> _COLLECTED MATERIAL_
################

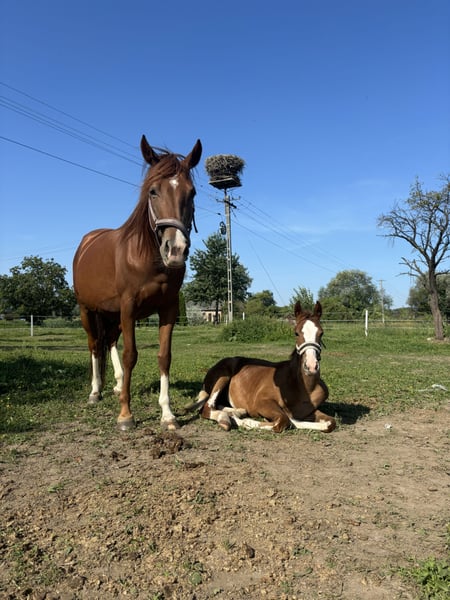 Stute, SP, 161 cm, geboren 2020. (Santos KWPN x Revel KWPN) Sie wird seit einigen Monaten geritten. Sie bewegt sich frei in drei Grundgangarten und hat ihre ersten Sprünge unter dem Reiter absolviert. Unter dem Sattel ist sie energisch und geht gerne vorwärts. Sie reagiert sensibel auf die Hilfen und arbeitet gerne mit. Sie buckelt nicht und zieht nicht durch. Sie hat keine Unarten und war nie verletzt. Zuvor wurde sie in der Zucht eingesetzt, sie ist gut tragend und bringt gut zur Welt, sehr gute Mutter.
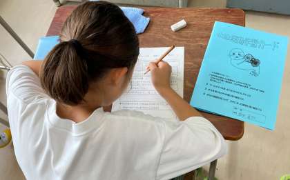 今日から水泳の学習が始まりました。今年の自分のめあてを立て、めあてを達成するために、どのように取り組んでいくか、プールに行く前に学習カードに記入しました。
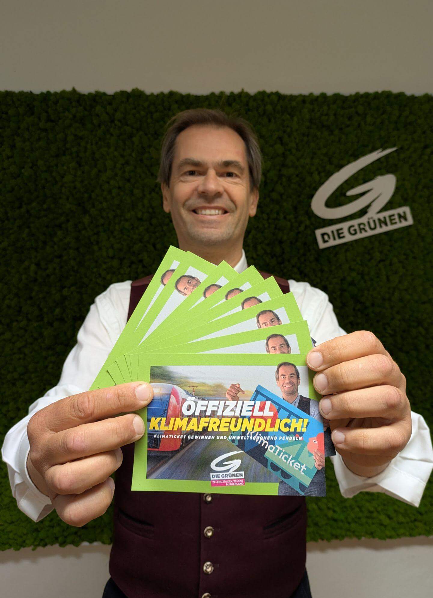 GRÜNEN-Klubobmann Wolfgang Spitzmüller verlost ein Klimaticket
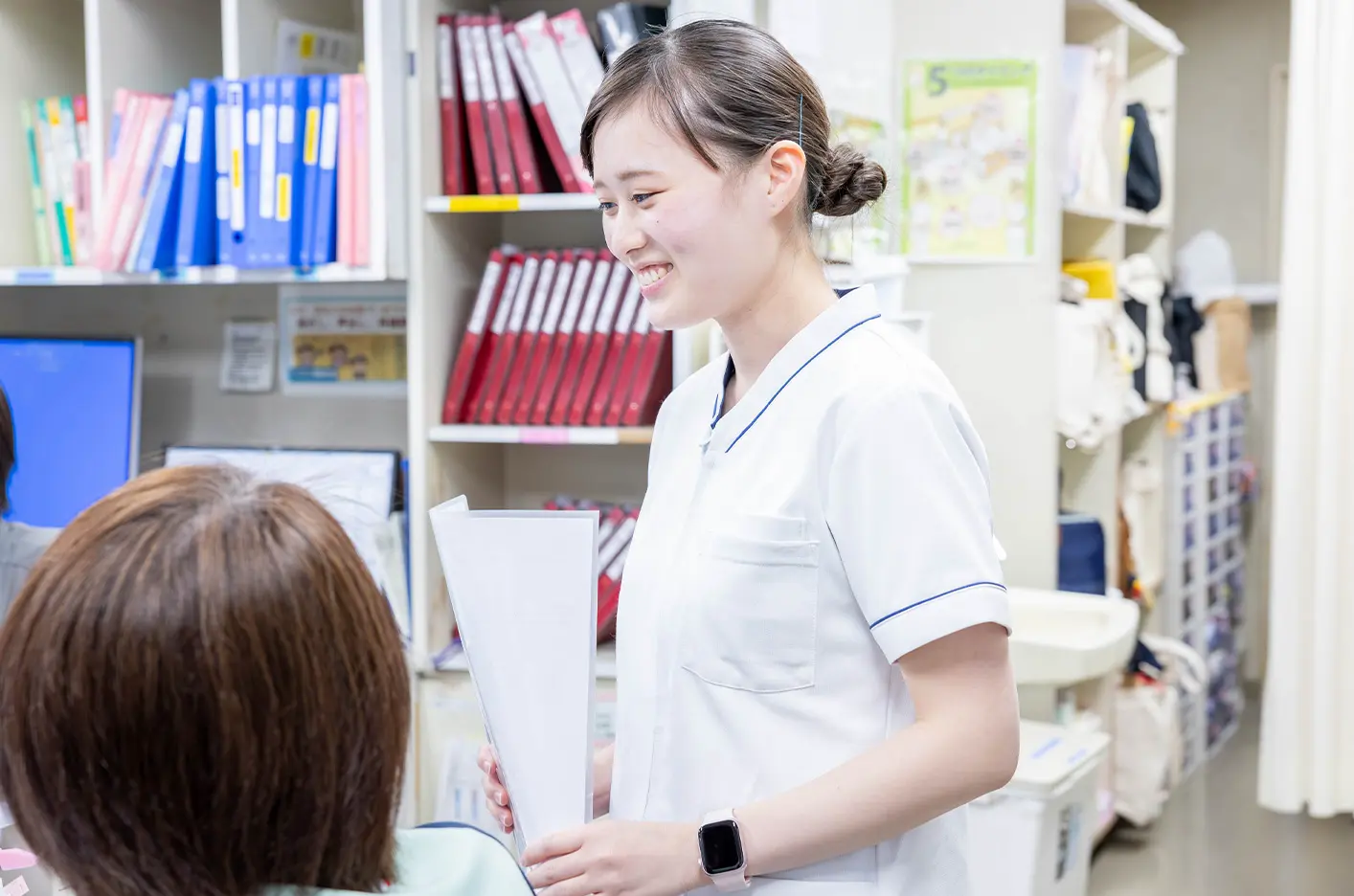 私は現在、整形外科病棟で働いています。手術を目的とした患者様が多く入院されており、術後の急性期看護、ADL拡大に向けた回復期の看護など、患者様の状態に応じた身体的・精神的・社会的なケアを提供しています。忙しい病棟ですが、優しく明るい先輩方にサポートしていただき、温かいご指導のもと業務に集中して取り組むことができています。

################

> _WHAT IS BEING ASKED_
Should there be pictures in the data, leave them out and return the rest exactly.

> _RESPONSE_
 Stute, SP, 161 cm, geboren 2020. (Santos KWPN x Revel KWPN) Sie wird seit einigen Monaten geritten. Sie bewegt sich frei in drei Grundgangarten und hat ihre ersten Sprünge unter dem Reiter absolviert. Unter dem Sattel ist sie energisch und geht gerne vorwärts. Sie reagiert sensibel auf die Hilfen und arbeitet gerne mit. Sie buckelt nicht und zieht nicht durch. Sie hat keine Unarten und war nie verletzt. Zuvor wurde sie in der Zucht eingesetzt, sie ist gut tragend und bringt gut zur Welt, sehr gute Mutter.
 今日から水泳の学習が始まりました。今年の自分のめあてを立て、めあてを達成するために、どのように取り組んでいくか、プールに行く前に学習カードに記入しました。
 GRÜNEN-Klubobmann Wolfgang Spitzmüller verlost ein Klimaticket
 私は現在、整形外科病棟で働いています。手術を目的とした患者様が多く入院されており、術後の急性期看護、ADL拡大に向けた回復期の看護など、患者様の状態に応じた身体的・精神的・社会的なケアを提供しています。忙しい病棟ですが、優しく明るい先輩方にサポートしていただき、温かいご指導のもと業務に集中して取り組むことができています。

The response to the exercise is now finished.